When you design a money-mediated mechanism, you implicitly assume that the value of a dollar is the same for everyone, but this assumption is incorrect.
For example, suppose there is a device that has a 50% chance of becoming 4N when N dollars are inserted. Suppose this device can be used only once. How much would you put in?
If you want to maximize your expectations, put all your money in. If you can borrow money, you can borrow to the limit. Rationally speaking, of course, right? But most people don’t behave that way.
- People with low disposable income tend to have low risk tolerance. Even if they are within their actual disposable income, their fear of risk is so strong that they are unable to seize opportunities. For example, suppose I give you the device I mentioned earlier and 1 million yen, and say, “You can put all of it in or leave some behind. The rational thing to do, of course, would be to put in 1 million yen, but there are likely to be many people who would say, “I’ll leave half of it.

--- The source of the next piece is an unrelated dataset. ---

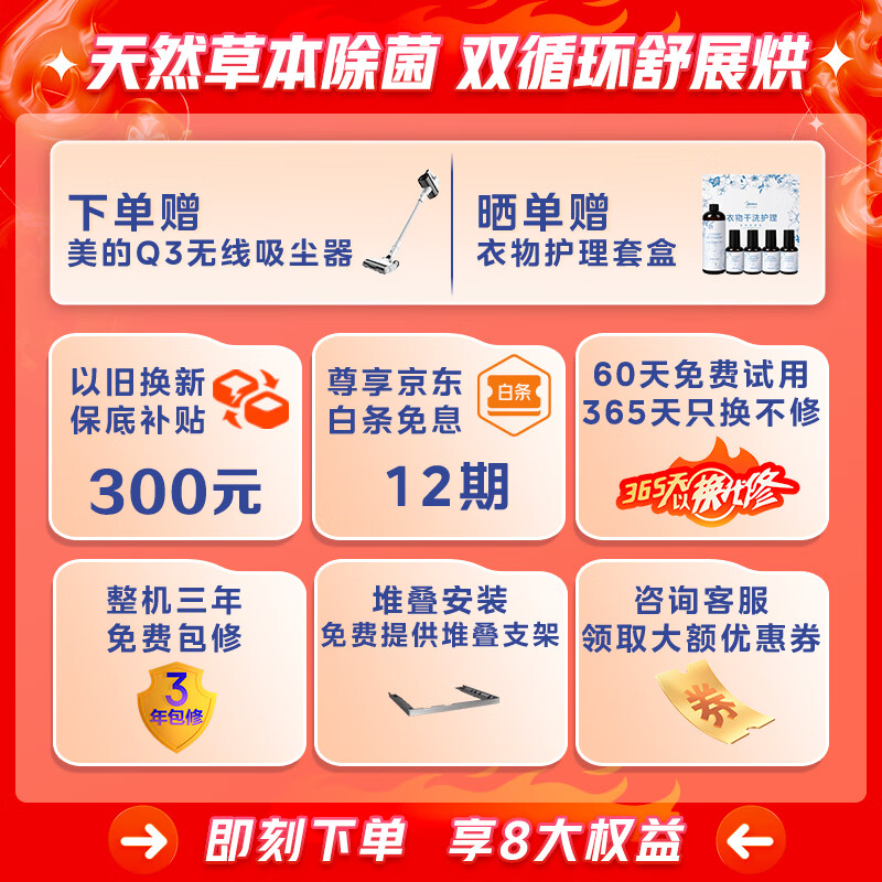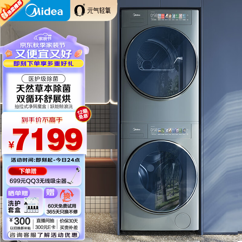 美的(Midea)洗烘套装 10KG滚筒洗衣机全自动+热泵烘干机 超薄大筒径 草本元气棒【元气轻氧】MG100LAIR+IAIR3价格:7199.00元!

This is a case of money sense, not a case of risk tolerance. https://twitter.com/jstockslab/status/1653544593751937024?s=46&t=gkSZtjGEtUZPO0JCzBxCBw
- I think this is “buy because you want it” or “buy because it fits within your disposable income” on the part of the kids.
- The parent’s side says to it, “If you compound it, it will quadruple in 20 years.”
- This compares “-30,000 after 20 years”
- The parents bemoan the fact that their kids don’t understand their future interests, but in reality, the parents are underestimating X.